Cardiac involvement of sarcoid lesions is diagnosed by myocardial biopsy which is frequently false-negative, and patients with cardiac sarcoidosis (CS) who have impaired left ventricular (LV) systolic function are sometimes diagnosed with dilated cardiomyopathy (DCM). Late gadolinium enhancement (LE) in magnetic resonance imaging is now a critical finding in diagnosing CS, and the novel Japanese guideline considers myocardial LE to be a major criterion of CS. This article describes the value of LE in patients with CS who have impaired LV systolic function, particularly the diagnostic and clinical significance of LE distribution in comparison with DCM. LE existed at all LV segments and myocardial layers in patients with CS, whereas it was localized predominantly in the midwall of basal to mid septum in those with DCM. Transmural (nodular), circumferential, and subepicardial and subendocardial LE distribution were highly specific in patients with CS, whereas the prevalence of striated midwall LE were high both in patients with CS and with DCM. Since sarcoidosis patients with LE have higher incidences of heart failure symptoms, ventricular tachyarrhythmia and sudden cardiac death, the analyses of extent and distribution of LE are crucial in early diagnosis and therapeutic approach for patients with CS.

Keywords: Magnetic resonance imaging; Late gadolinium enhancement; Sarcoidosis; Dilated cardiomyopathy; Diagnosis

Core tip: Late gadolinium enhancement (LE) in magnetic resonance imaging is a critical finding in the diagnosis of cardiac sarcoidosis (CS), but it is also observed in dilated cardiomyopathy (DCM).
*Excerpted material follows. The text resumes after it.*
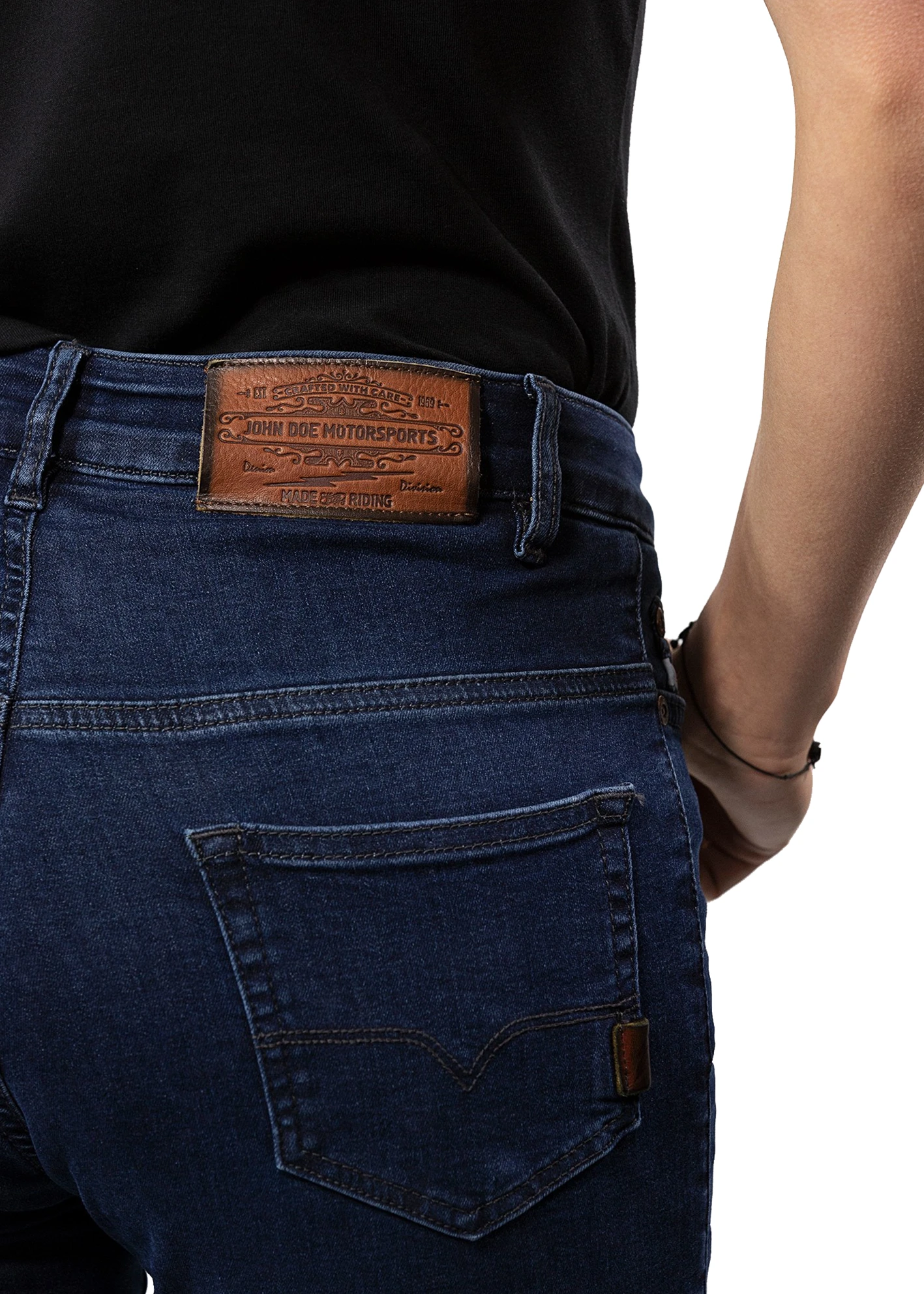 John Doe Betty High waist motorcycle jeans with XTM® fiber not only rock it in the looks department, the technical details give them full AA certification. This is mainly because of the XTM-Fiber® lining as well as knee and hip protectors for protection in any situation. Betty High Jeans XTM® come in a high-waist five-pocket design with outer fabric in stretch denim for supreme comfort.

We review the significance of LE distribution in comparison with DCM. LE distributed into all ventricular segments and myocardial layers in CS, whereas it was localized predominantly in the midwall of ventricular septum in DCM. Transmural, circumferential, and subepicardial and subendocardial LE were highly specific in CS. Since patients with LE have more adverse cardiac events, the analyses of extent and distribution of LE are crucial for diagnosis and management of CS.